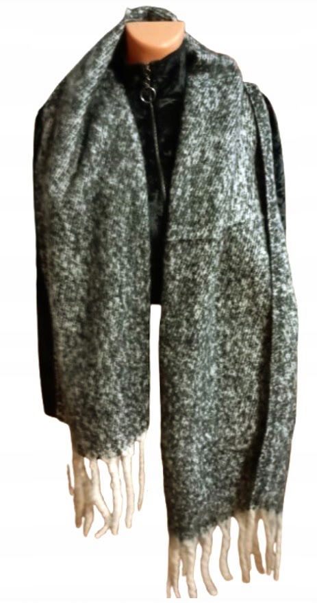 PUSZYSTY SZALIK SZAL GRUBY Z FRĘDZLAMI MIĘKKI CIEPŁY SZARO CZARNY DUŻY
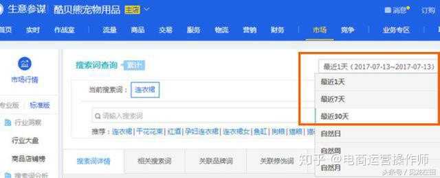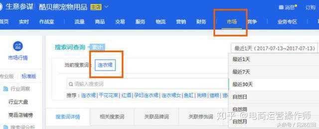 1.打开店铺后台订阅服务里的生意参谋——点击市场一搜索词查询—输入连衣裙,同时勾选搜索人气、在线商品数、支付转化率3项指标,如下图所示:
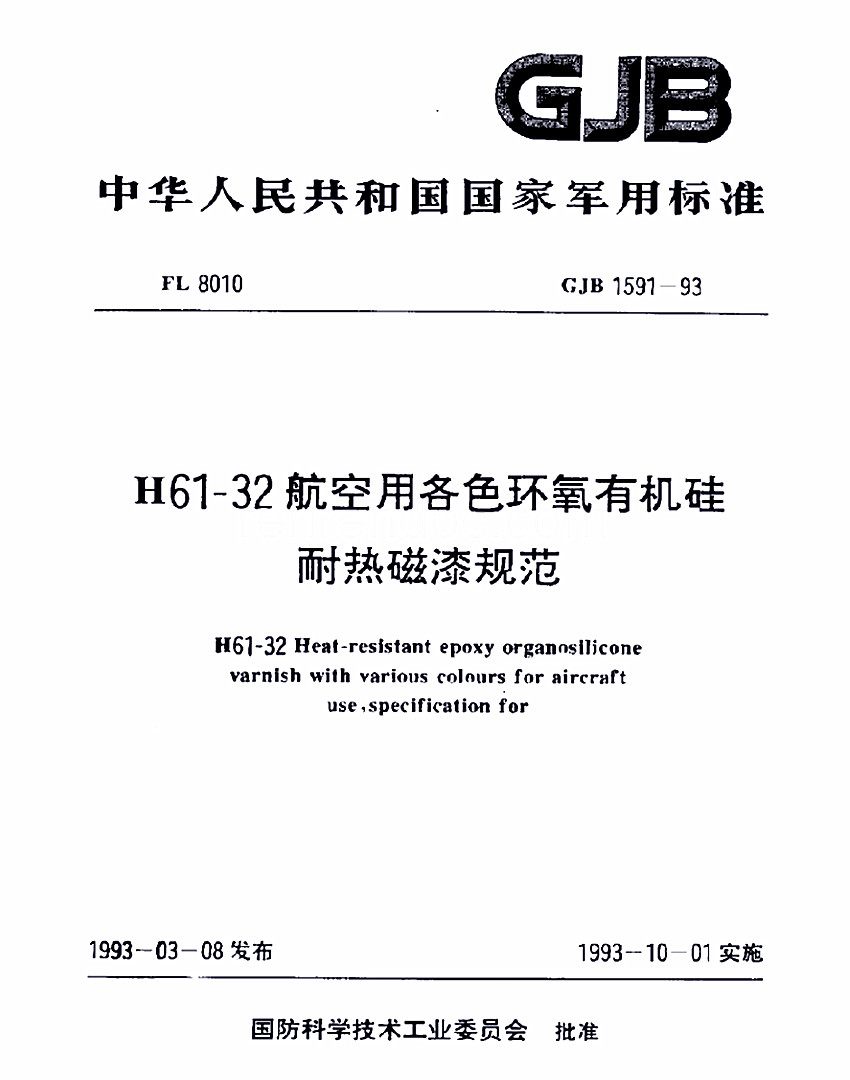 H61-32各色環(huán)氧有機(jī)硅耐熱磁漆標(biāo)準(zhǔn)GJB 1531- 93 GJB 中華人民共和國(guó)國(guó)家軍用標(biāo)準(zhǔn) FL8010 GJB 1531- 93 H61- 32航空用各色環(huán)氧有機(jī)硅耐熱磁漆規(guī)范 H61-32 Heat-resistant epoxy organosilicnne vrnish with various colonrs fnraircrufl use speciflc

· · ·

**Assigned task:** Word for word, reproduce the material above and omit each image.

**Output of the task:**
 PUSZYSTY SZALIK SZAL GRUBY Z FRĘDZLAMI MIĘKKI CIEPŁY SZARO CZARNY DUŻY
 1.打开店铺后台订阅服务里的生意参谋——点击市场一搜索词查询—输入连衣裙,同时勾选搜索人气、在线商品数、支付转化率3项指标,如下图所示:
 H61-32各色環(huán)氧有機(jī)硅耐熱磁漆標(biāo)準(zhǔn)GJB 1531- 93 GJB 中華人民共和國(guó)國(guó)家軍用標(biāo)準(zhǔn) FL8010 GJB 1531- 93 H61- 32航空用各色環(huán)氧有機(jī)硅耐熱磁漆規(guī)范 H61-32 Heat-resistant epoxy organosilicnne vrnish with various colonrs fnraircrufl use speciflc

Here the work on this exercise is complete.